Maintenant, j'arrive au plat, je dirais, principal peut-être mais au niveau... le côté négatif. Bien, vous comprendrez que le gouvernement fédéral maintient son volet au niveau de la péréquation. Pour nous, je veux corriger des chiffres qui sont véhiculés parce que, moi, je me base sur des vrais chiffres, les chiffres de mon budget de mars dernier. Pour 2009-2010, je le répète, basé sur les chiffres du budget de mars dernier, donc, pour 2009-2010, c'est un écart de 75 millions de dollars. Le plus troublant, c'est l'année suivante, c'est un écart de 695 millions de dollars pour 2010-2011. C'est donc des sommes importantes, et c'est un volet qui nous préoccupe, mais c'est surtout que nous estimons que, ce gouvernement qui s'est plaint à maintes reprises de ce que son prédécesseur avait fait en changeant de façon unilatérale la formule de péréquation, je pense que, là, on a un geste qui est, je dirais, très autoritaire, et de changer la formule comme ça sans, dans le fond, presque nous prévenir, je pense que c'est une démarche inacceptable. Même le rapport Hawken en parle à plusieurs reprises dans son rapport que la péréquation, si elle est pour être modifiée, devrait être justement négociée et il devrait y avoir une approche beaucoup plus de collaboration.

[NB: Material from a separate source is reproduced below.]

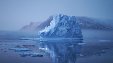 AI Generated. Massive iceberg floats in calm waters under a moody sky at twilight

S'il est vrai que, parce que l'Ontario aujourd'hui reçoit de la péréquation, que les hausses seraient aussi importantes, je pense que le Québec est capable de comprendre. Mais jusqu'à maintenant nous n'avons aucune démonstration, aucun chiffre pour justement justifier la démarche qui est prise actuellement.
Maintenant, il y a un dossier que nous avons soulevé à cet égard au niveau de la péréquation, c'est Hydro-Québec, à savoir le transport et la distribution chez Hydro-Québec. Puisqu'on a donné ce traitement à Hydro One, en Ontario, nous, on estime qu'on devrait avoir le même traitement. Les chiffres que nous avons avancés, on nous dit maintenant que les chiffres sont les bons. Par conséquent, c'est un dossier que nous allons suivre avec un oeil de lynx et beaucoup de détermination pour recevoir le même traitement, puisque cela représente 250 millions de plus pour le Québec.
Il y a également le volet au niveau du Transfert social canadien, où, là encore, il y a une perte de 83 millions de dollars pour le Québec, et donc, ça, c'est une somme importante. C'est un dossier également... on n'a pas réussi à comprendre la justification dans les documents actuels. Je dois vous dire que c'est une réaction préliminaire que je fais. Vous comprendrez que, dans le peu de temps que j'ai eu, je n'ai pas été capable vraiment de comprendre toutes les nuances de ce volet-là, mais ça nous apparaît une démarche inacceptable.
L'autre côté inacceptable évidemment, c'est la Commission des valeurs mobilières unique. Je pense que vous connaissez notre discours à ce sujet-là. Je pense qu'on a fait notre lit ça fait déjà un certain temps. On l'a répété sur toutes les tribunes, je l'ai dit à plusieurs reprises à Toronto, il n'y a aucune justification d'arriver avec ça aujourd'hui. Encore, en 2009, le Canada reçoit une évaluation supérieure aux États-Unis et à l'Angleterre par rapport justement à la protection des épargnants. C'était le cas évidemment de l'OCDE et de la Banque mondiale qui avait justement dit également que le Canada se situait bien au-dessus de l'Angleterre et des États-Unis. Sur 130 pays, le Canada se situe en quatrième ou cinquième place et, pour l'OCDE, sur 29 pays, le Canada occupait une deuxième place. Alors, pourquoi arriver avec ce changement maintenant? Nous allons bien sûr réagir, comme nous l'avons fait jusqu'à maintenant, et bien sûr que nous allons nous opposer à cette façon de faire du gouvernement fédéral. La façon de procéder, bien sûr, je l'ai déjà mentionné, nous irons devant les tribunaux advenant le cas où il y a un dépôt de projet de loi et bien sûr nous aborderons les trois formations de l'opposition pour leur faire valoir notre point de vue.
Alors, voilà en résumé ce que contient ce budget, les réactions préliminaires. Vous comprendrez qu'on va passer encore quelque temps à examiner le détail de tout ce qui est proposé aujourd'hui.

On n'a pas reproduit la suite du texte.